Maroushek gardens are contained within a single block of Hastings, Minnesota, just off Highway 61 in the back of the Dairy Queen. Lillian Maroushek has dug up every square inch of her yard to make room for plants.

“You work for men you’ll kill yourself,” she said pretty much out of the blue the first time we talked. I’d been asking her about clematis and somehow the conversation took a detour. It seems her late husband had definite ideas about work, especially as it related to the opposite sex. Any woman married to Mr. Maroushek would limit her daily activities to child-rearing, housekeeping, and things of that nature. She wouldn’t earn money or carry a checkbook. Gardening was allowed as long as it put food on the table.

“Oh, he was stubborn,” Lillian said. So was she. In his zeal to control the purse strings, Mr. Maroushek usually kept the purse closed. Lillian had to manage the house and family on just $20 a week. “I sewed every stitch of clothing I ever wore.” She started selling things out of her garden when the cupboard was bare and her husband was looking the other way. One day he found her taking a lesson in bookkeeping from a neighbor. “Did he throw a fit!”

Lillian went right on gardening and selling her plants and seeds right under her husband’s nose. “I’d go out to Oregon to visit my daughter and I’d come home with my camper full of plants.” In the Pacific Northwest, she cultivated some productive relationships. “We’d send seeds back and forth. I like to see if I can come up with something new.”

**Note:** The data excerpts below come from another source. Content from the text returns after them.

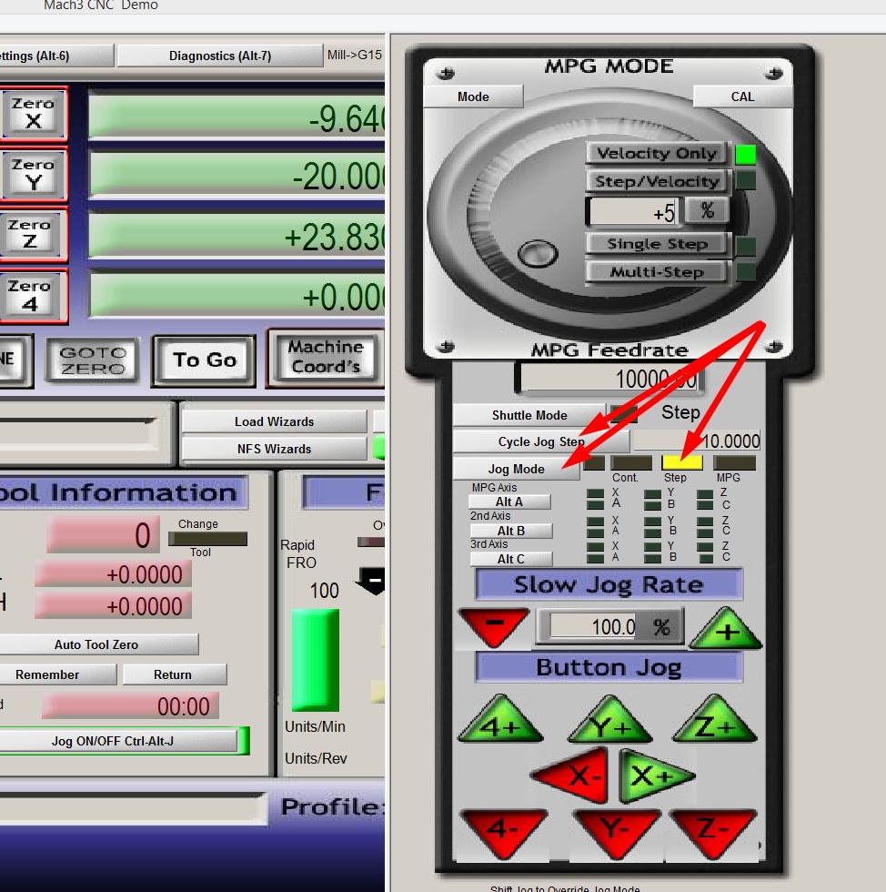 Я имею ввиду перемещение по координате на фиксированную величину: 1 мм, 0.1 мм, о,о1 мм и т.д. , которые задаются в параметрах Config - General Loic Confiuration - Jog Increments in Cicle Mode. В интерфейсе Mach3 это меню вызывается кнопкой Tab на клавиатуре. И там есть кнопки: Cycle Jog Step, которая устанавливает величину перемещения и Jog Mode, которая переключает непрерывное и пошаговое перемещение.
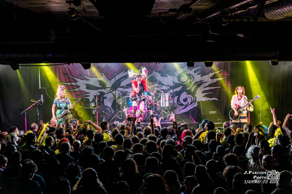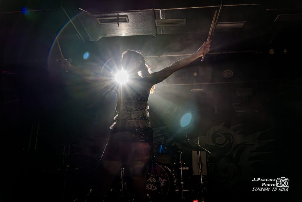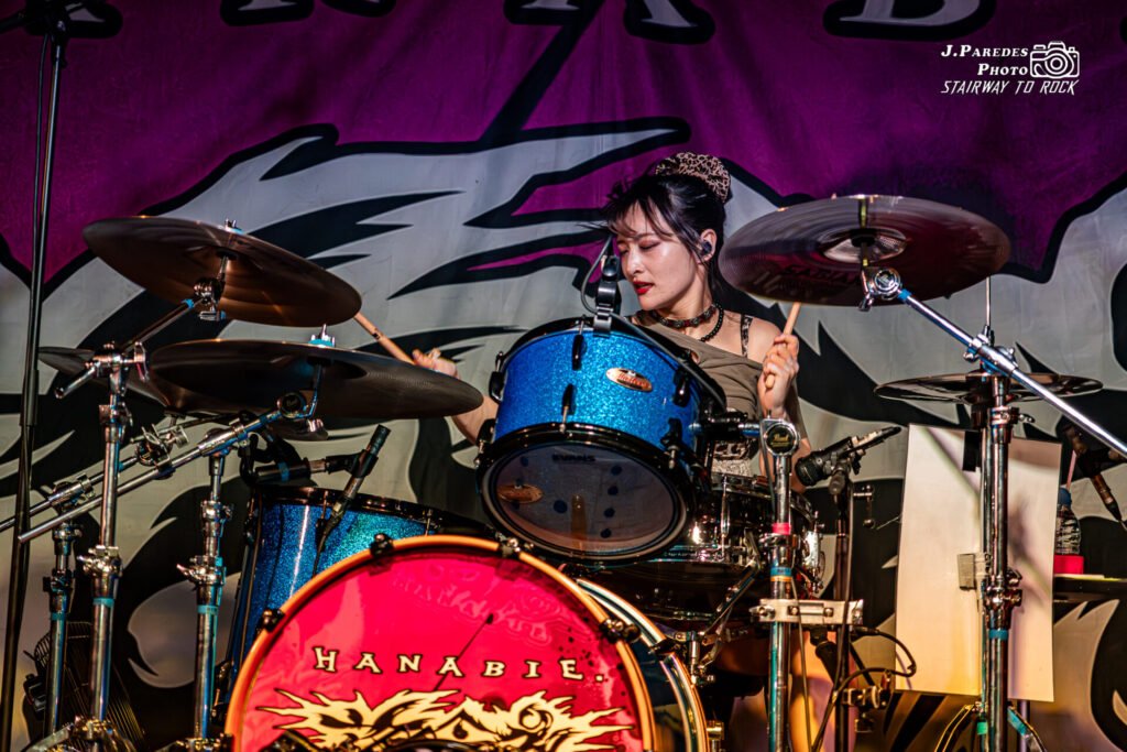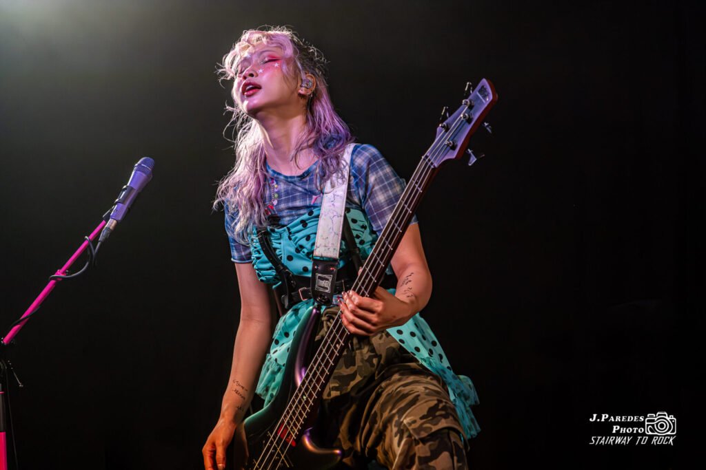 Tras un breve cambio sobre el escenario, el ambiente se transformó. El público, que ya había entrado en calor, terminó de mutar cuando las luces se apagaron y un foco de contraluz dibujó la primera silueta sobre las tablas: Chika, levantando las baquetas como quien invoca un hechizo. Después entró Hettsu, saludando tímida pero firme antes de agarrar el bajo. Luego apareció Matsuri, la guitarrista, con su aura de ídolo del anime metalizado. Por último, entre gritos del público y una ola de móviles en alto, emergió Yukina.
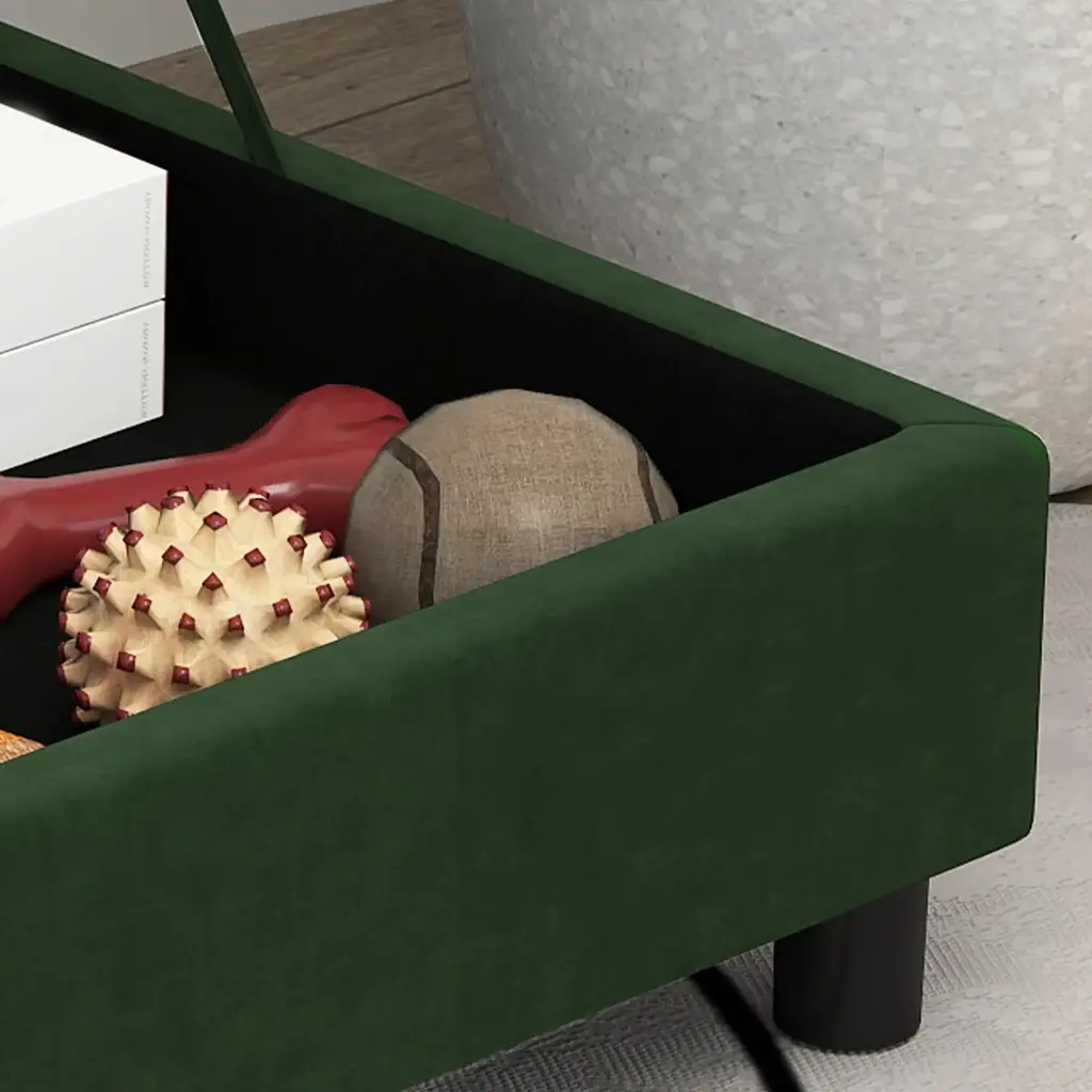 Here's the perfect combination of comfort and style for your pet. This cozy sofa bed features a thick 2-inch cushion made of dense foam, topped with a soft, fuzzy surface for ultimate relaxation. Hidden storage beneath the liftable top offers 23 liters of space for toys, leashes, and more. The modern design, with an arched arm and tufted cushion, adds elegance to any room, while the four legs provide stability and protect against dampness. It's the ideal nap spot for your fur baby. Features: Thick 2-inch Cushion: A thick three inches of densely soft foam offers a comfortable, cushy surface, while a fuzzy feel on the bedding and arm adds to the cozy of the sleep space. Hidden Storage: Save space and store more with a hidden trunk under the liftable top, offering a large capacity of 23 liters to keep anything from toys to dog clothes to leashes. Modern Design: The beautiful, elegant look of this pet sofa bed features an arched arm for your fur baby to cozy up against, and a tufted cushion, providing a charming, modern piece that will upgrade your pup's favorite nap spot, wherever that may be. Four Legs: Provides balance to the structure and protects your friend away from dampness. Thick 2-inch Cushion: A thick three inches of densely soft foam offers a comfortable, cushy surface, while a fuzzy feel on the bedding and arm adds to the cozy of the sleep space. Specifications: Main Color: Green Main Material: Eucalyptus Wood, Flannel, Foam, Polypropylene, Plastic Package includes: 1 * Pet Sofa Bed 1 * Manual Notes: 1.Manual measurement has been used, there may be some reasonable error 2.All the pictures are taken by actual samples, slight chromatic aberration may occur due to lighting or display
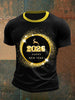 Nouvel an imprimé Vintage Fashion lâche T-shirt à manches courtes hommes
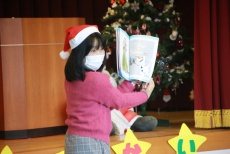 次は、副園長先生が登場し、魔法をかけると空の缶からサンタとトナカイの人形が出てきました!そのサンタの人形を大きな箱に入れると、里香サンタが出てきました。続いてトナカイの人形を箱に入れると大矢トナカイが登場!!里香サンタや大矢トナカイが登場するたびに、お母様方から「わー!」と大きな驚きと喜びの声があがりました。
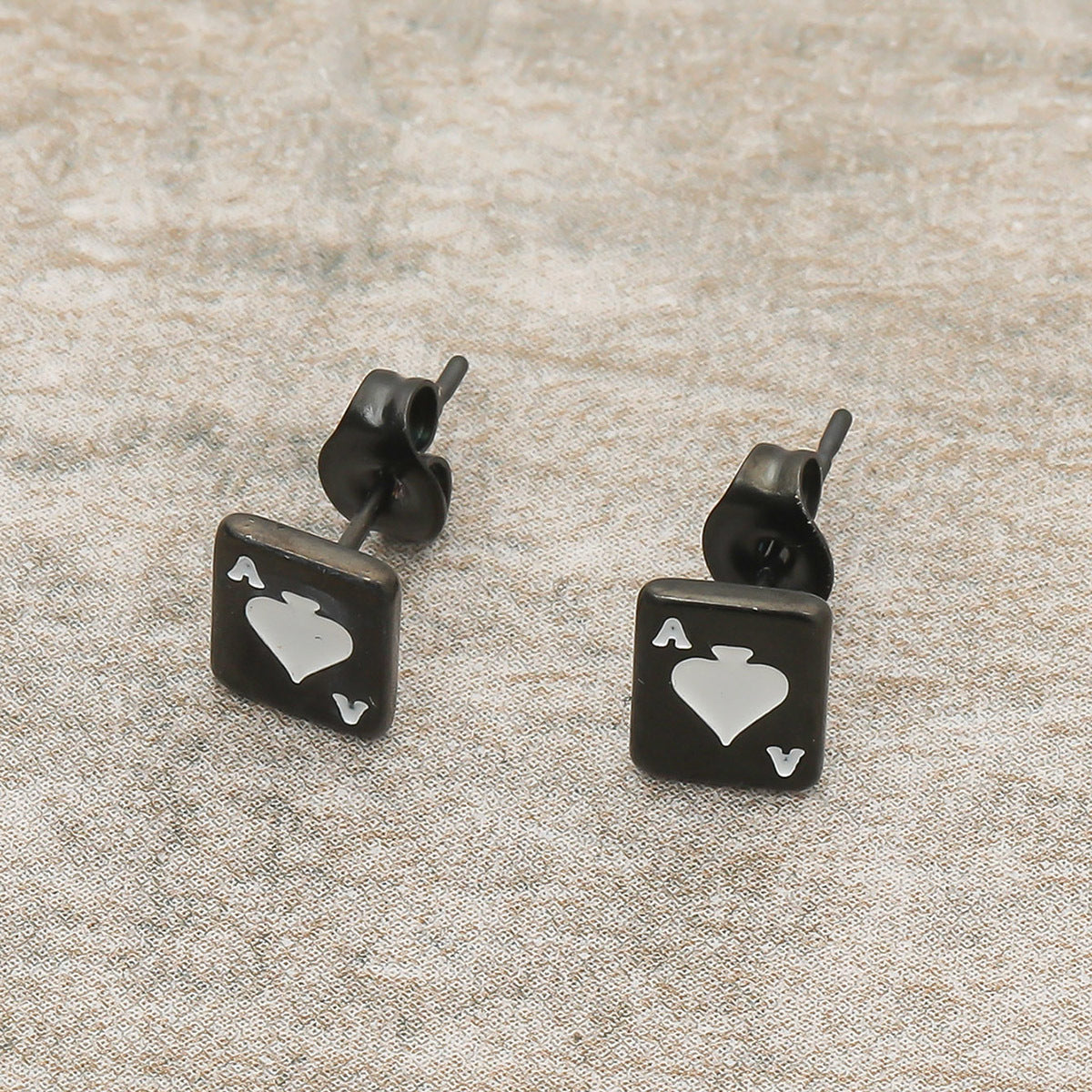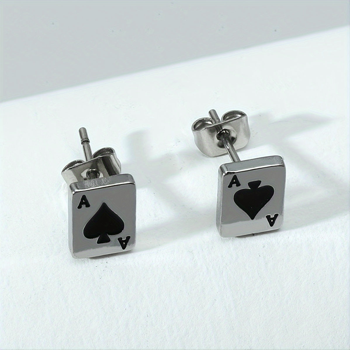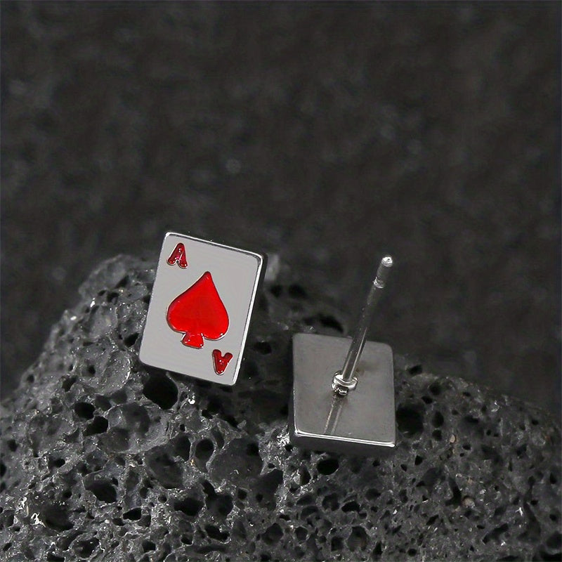 These stylish stud earrings feature playing card designs, perfect for poker enthusiasts. Made for men who love to play card games with style.
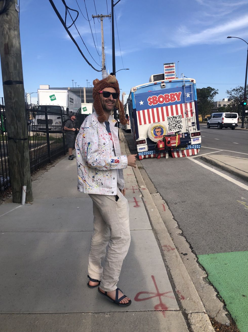 Damien Nichols of the “Kennedy Across America Tour” outside of the Democratic National Convention. (Photo by Alexandria Jacobson/Raw Story)
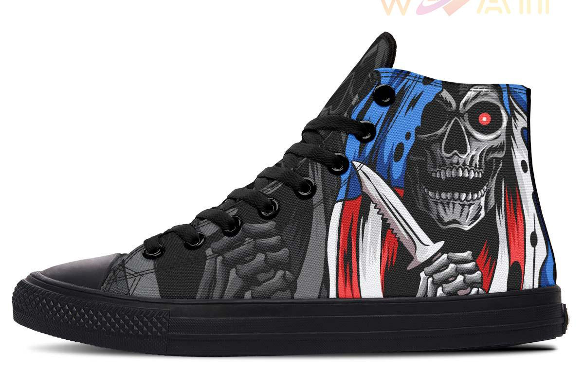 This Terminator Eye Skull High Top Canvas Shoes was originally designed to be basketball shoes. These women’s and men’s casual shoes have become the go to walking shoes for just about any situation.
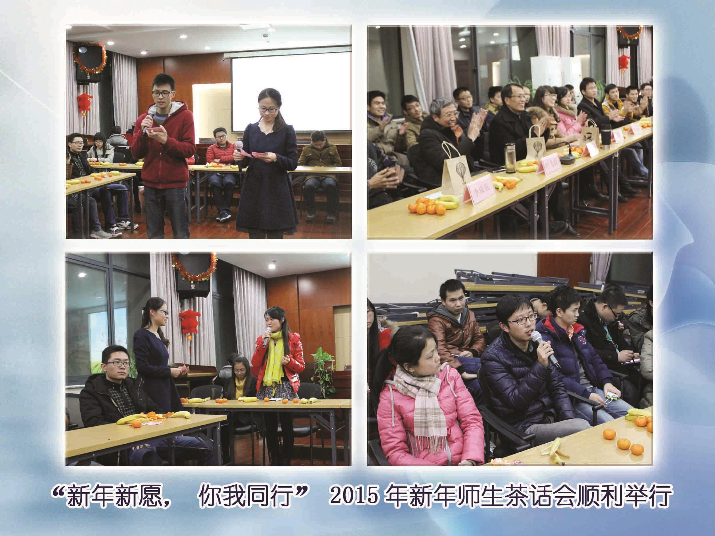 “新年新愿,你我同行”,在新的一年到来之际,为了让同学们更好的融入研究生生活,并解答大家在学习和生活中的疑惑,计算机工程与科学学院于2014年12月26日18点在计算机大楼1106室召开了“新年新愿,你我同行”师生茶话会。出席本次会议的嘉宾有德赢ac米兰官方合作vwin计算机学院党委书记朱永华老师、副院长叶飞跃老师、副院长吴悦老师、彭俊杰老师、曹旻老师、张惠然老师、李成范老师、研究生专职辅导员夏明帅老师、兼职辅导员许素娟老师和翟思达学姐,研究生一年级的同学也悉数参加了本次茶话会。点燃梦想,努力前行

When Mr. Maroushek died a few years ago she plunged full bore into the garden business. Mike Heger, owner of Ambergate Gardens in Waconia, Minnesota, says she knows more about clematis than just about anybody. But Lillian says she’s kind of fed up with clematis. Such finicky plants. Not like hosta. She grows six hundred types of hosta. Of those she came up with new, she’s proudest of “Frosta Jane,” which has huge leaves trimmed in translucent white.

Lillian didn’t have to tell me that clematis is a finicky plant. Last year I planted two different types, thinking I’d buy more of the better performer the following spring. This degree of planning is not typical of me. I should have known it would backfire. I prepared the beds carefully, mixing in plenty of composted cow manure and peat moss, a smidgeon of lime, some bonemeal, and other wholesome things. One of the vines produced a few small white flowers (though it was sold to me as ‘Nelly Moser,’ which has a large pink flower with a reddish bar down the middle) in early June and nothing to speak of after that. The other plant looked as if it could expire at any moment, then coughed up a few lavender blooms (I’d expected this one to be white), and finally was put out of its misery by a family of chipmunks who was remodeling their burrow under the terrace. I’d pulled up some stones to plant the clematis so that it would climb a trellis attached to the garage. The chipmunks must have seen right away that the small opening would make a nice sun porch. The plant was severed cleanly at its base and within a few days, the vine had withered to a crisp golden brown.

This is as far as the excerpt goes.